▶ YOUR GOAL
Copy the whole listing verbatim.

▶ DATA SUPPLIED

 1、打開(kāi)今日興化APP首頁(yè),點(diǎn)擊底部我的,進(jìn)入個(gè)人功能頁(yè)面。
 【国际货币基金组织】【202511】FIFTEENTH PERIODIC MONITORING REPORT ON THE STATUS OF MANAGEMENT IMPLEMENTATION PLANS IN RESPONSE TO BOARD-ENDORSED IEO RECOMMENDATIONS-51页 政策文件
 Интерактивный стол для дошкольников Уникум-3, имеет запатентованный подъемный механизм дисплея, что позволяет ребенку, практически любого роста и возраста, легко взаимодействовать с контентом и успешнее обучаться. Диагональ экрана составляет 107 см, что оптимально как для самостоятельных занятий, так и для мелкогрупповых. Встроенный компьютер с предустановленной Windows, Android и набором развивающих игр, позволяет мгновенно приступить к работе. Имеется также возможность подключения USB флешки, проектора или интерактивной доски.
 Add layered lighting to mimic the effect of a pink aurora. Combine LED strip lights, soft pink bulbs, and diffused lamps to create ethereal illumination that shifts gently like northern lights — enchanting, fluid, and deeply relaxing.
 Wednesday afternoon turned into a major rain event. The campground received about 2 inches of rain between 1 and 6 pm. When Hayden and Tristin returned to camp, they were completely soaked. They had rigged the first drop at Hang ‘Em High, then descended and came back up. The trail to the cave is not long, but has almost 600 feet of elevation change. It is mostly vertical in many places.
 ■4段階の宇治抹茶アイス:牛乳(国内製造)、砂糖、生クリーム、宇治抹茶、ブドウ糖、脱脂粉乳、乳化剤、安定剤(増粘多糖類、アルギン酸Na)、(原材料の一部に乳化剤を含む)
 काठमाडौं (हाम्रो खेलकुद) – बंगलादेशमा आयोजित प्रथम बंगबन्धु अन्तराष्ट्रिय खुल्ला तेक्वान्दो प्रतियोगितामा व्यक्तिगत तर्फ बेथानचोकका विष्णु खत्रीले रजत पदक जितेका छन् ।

▶ WRITTEN RESPONSE
 1、打開(kāi)今日興化APP首頁(yè),點(diǎn)擊底部我的,進(jìn)入個(gè)人功能頁(yè)面。
 【国际货币基金组织】【202511】FIFTEENTH PERIODIC MONITORING REPORT ON THE STATUS OF MANAGEMENT IMPLEMENTATION PLANS IN RESPONSE TO BOARD-ENDORSED IEO RECOMMENDATIONS-51页 政策文件
 Интерактивный стол для дошкольников Уникум-3, имеет запатентованный подъемный механизм дисплея, что позволяет ребенку, практически любого роста и возраста, легко взаимодействовать с контентом и успешнее обучаться. Диагональ экрана составляет 107 см, что оптимально как для самостоятельных занятий, так и для мелкогрупповых. Встроенный компьютер с предустановленной Windows, Android и набором развивающих игр, позволяет мгновенно приступить к работе. Имеется также возможность подключения USB флешки, проектора или интерактивной доски.
 Add layered lighting to mimic the effect of a pink aurora. Combine LED strip lights, soft pink bulbs, and diffused lamps to create ethereal illumination that shifts gently like northern lights — enchanting, fluid, and deeply relaxing.
 Wednesday afternoon turned into a major rain event. The campground received about 2 inches of rain between 1 and 6 pm. When Hayden and Tristin returned to camp, they were completely soaked. They had rigged the first drop at Hang ‘Em High, then descended and came back up. The trail to the cave is not long, but has almost 600 feet of elevation change. It is mostly vertical in many places.
 ■4段階の宇治抹茶アイス:牛乳(国内製造)、砂糖、生クリーム、宇治抹茶、ブドウ糖、脱脂粉乳、乳化剤、安定剤(増粘多糖類、アルギン酸Na)、(原材料の一部に乳化剤を含む)
 काठमाडौं (हाम्रो खेलकुद) – बंगलादेशमा आयोजित प्रथम बंगबन्धु अन्तराष्ट्रिय खुल्ला तेक्वान्दो प्रतियोगितामा व्यक्तिगत तर्फ बेथानचोकका विष्णु खत्रीले रजत पदक जितेका छन् ।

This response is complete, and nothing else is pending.